В собраниях сочинений А. Пушкина последним печатается стихотворение 1836 г.:

От меня вечор Леила

Равнодушно уходила.

Я сказал: „Постой, куда?”

А она мне возразила:

„Голова твоя седа”.

Я насмешнице нескромной

Отвечал: „Всему пора!

То, что было мускус темный,

Стало нынче камфора”.

Но Леила неудачным

Посмеялася речам

И сказала: „Знаешь сам:

Сладок мускус новобрачным,

Камфора годна гробам”.

Это стихотворение не пользуется особым вниманием и известностью. Помещайся оно в середине тома, можно было бы и не заметить: мало ли у Пушкина всяких мелочей, набросков, переложений, антологических подражаний. Но тут пройти мимо нельзя, потому что дальше идти некуда: обрыв, белая страница, конец. И даже если это безделица, то на границе книги, на границе жизни она вырастает в значении, как своего рода последняя воля Пушкина. Или даже предзнаменование его скорой гибели.

Стихотворение было написано Пушкиным в подражание некой арабской песне, найденной им в прозаическом французском переводе Ж. Агуба, ученого-ориенталиста. Араб по происхождению, Агуб частью сочинил эти песни сам, частью заимствовал из арабского фольклора. Вот через сколько промежуточных инстанций пришлось пройти вдохновению поэта, дабы достичь своей цели! Но если Пушкин извлёк тему стихотворения из столь инородных культурных пластов, значит, очень насущна она была для него. Какая нужна жажда, чтобы потянуться к столь дальнему источнику! То, что Пушкин вдохновился арабской песней во французском переложении, не снижает, а увеличивает для нас значимость такого целенаправленного выбора.

Если с этой точки зрения взглянуть на «Леилу», то в ней мы найдём весь скорбный итог пушкинской жизни, формулу его трагедии. Писал бы Пушкин прямо о себе, о Гончаровой, о Дантесе, общий смысл трагедии мог бы затемниться обилием житейских мелочей, личных переживаний; а тут, через обращение к арабской песне, смысл очищается и обретает всечеловечную остроту. Сама отвлечённость этого стихотворения, столь напоминающая легкомысленную лицейскую лирику («Леила» — столь же условное имя, как юношеские "Хлоя", "Лаиса", "Лила", "Лилета" и пр.), на сей раз обусловлена не отсутствием личного переживания, но такой его остротой и ранимостью, которая требует остранения и обобщёния. Речь идёт о самом главном и больном для Пушкина в этот период: о любви и старости. Леила уходит «равнодушной» от своего возлюбленного, потому что «голова его седа». Он пытается удержать её, ссылаясь на вечные законы жизни, — но именно по этому-то закону превращения мускуса в камфору она и не хочет больше ему принадлежать.

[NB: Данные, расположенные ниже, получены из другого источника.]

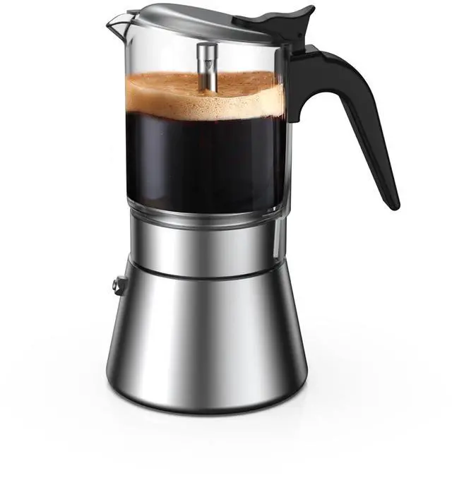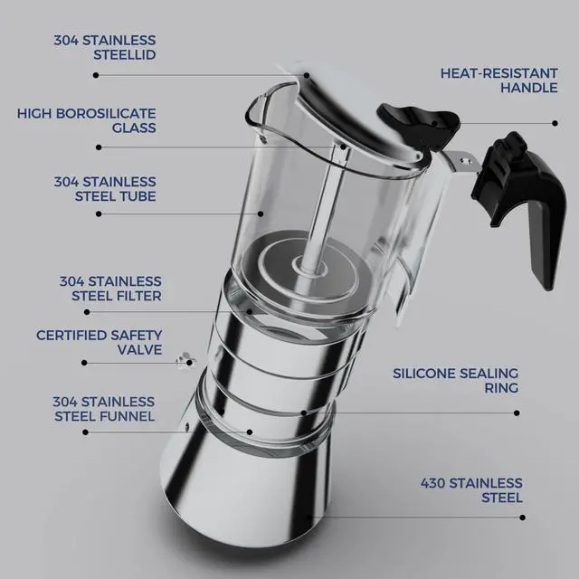 Borosilicate Glass & Stainless Steel:The crystal clear glass made of high borosilicate glass allows you to check the espresso coffee situation that you could control the espresso coffee better. 304 food-grade stainless steel could make our Moka pot more healthy.
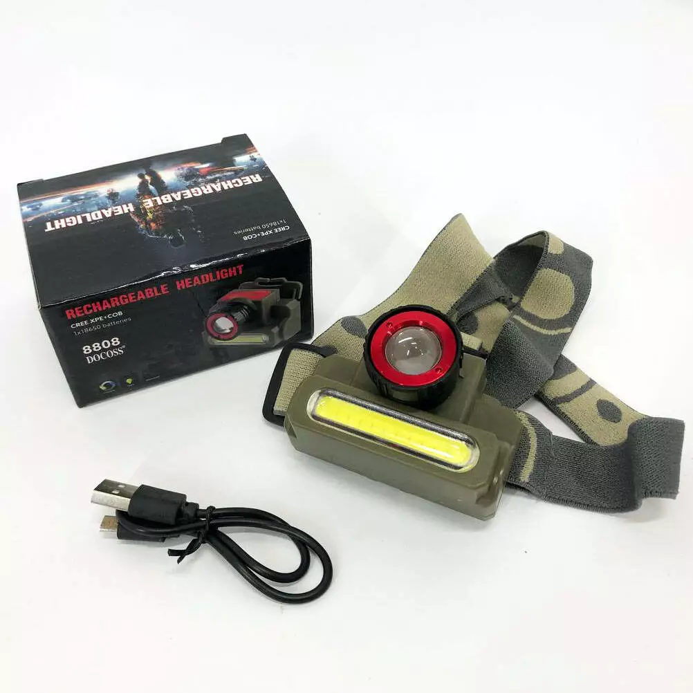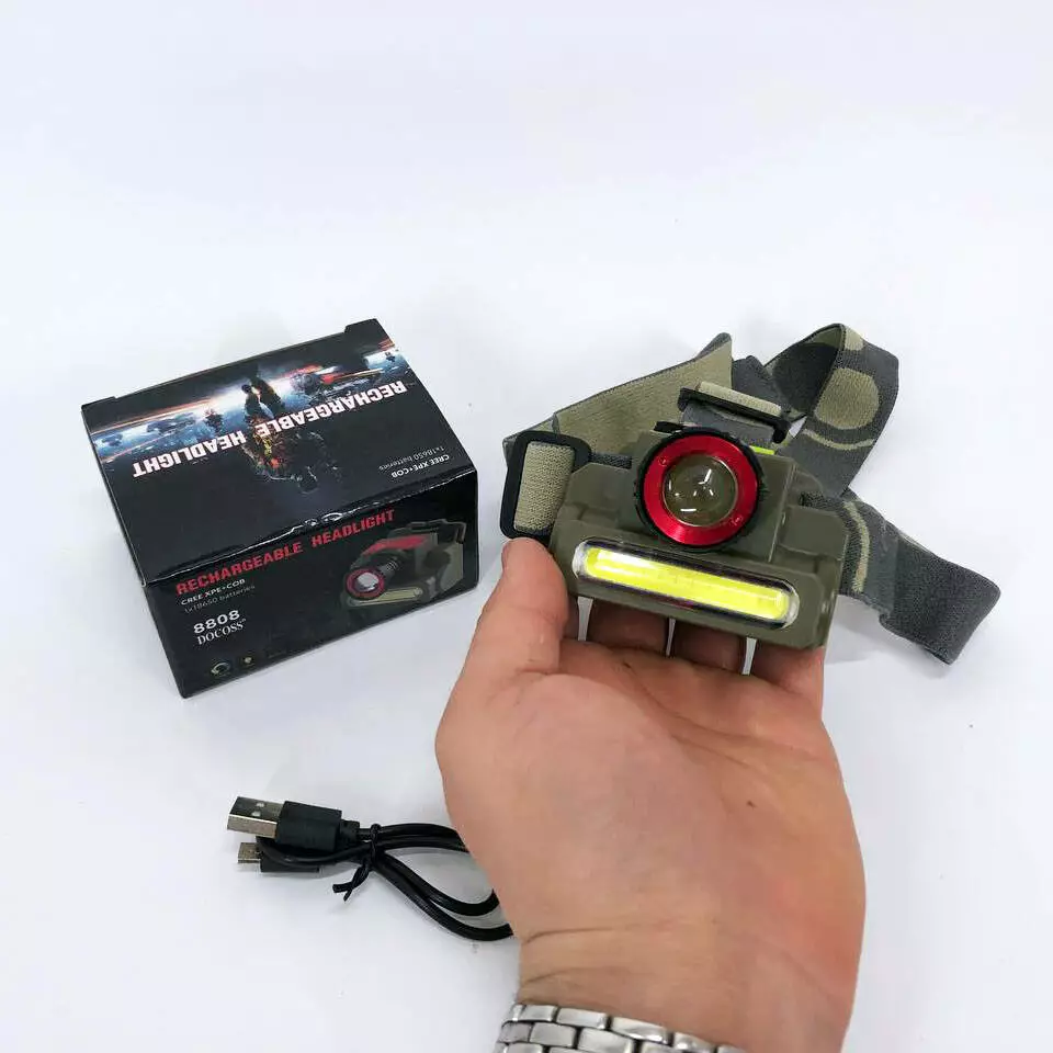 Фонарь налобный Police 8808/6908-XPE+COB, micro USB, встроенный аккумулятор, фонарик на голову с зарядкой

Тут сталкиваются два момента в воззрениях Пушкина. Первый: ход жизни необратим и благословен, и следует примиряться с неизбежностью старения и гибели всего живого. В стихотворении «Брожу ли я вдоль улиц шумных» Пушкин смиренно принимает круговорот времён («Мне время тлеть, тебе цвести»), как и в написанном незадолго до гибели «Вновь я возвратился...». «Здравствуй племя, младое, незнакомое, не я... » Таково отношение Пушкина к смерти: непротивление, приятие молодого, идущего на смену старому.

Но силы юности, не остывшие в нём, бунтовали против этого кроткого воззрения на всепримиряющий ход жизни. Как поэт классического миросозерцания, Пушкин смиряется с неизбежностью смерти, но как романтик восстает против замкнутого, цикличного движения времени в надежде на вечную молодость. Этот разрыв предчувствуется еще в "Евгении Онегине": "Любви все возрасты покорны.... Но в возраст поздний и бесплодный, На повороте наших лет, Печален страсти мёртвый след... (Глава VIII, Строфа XXIX, 1829-1830).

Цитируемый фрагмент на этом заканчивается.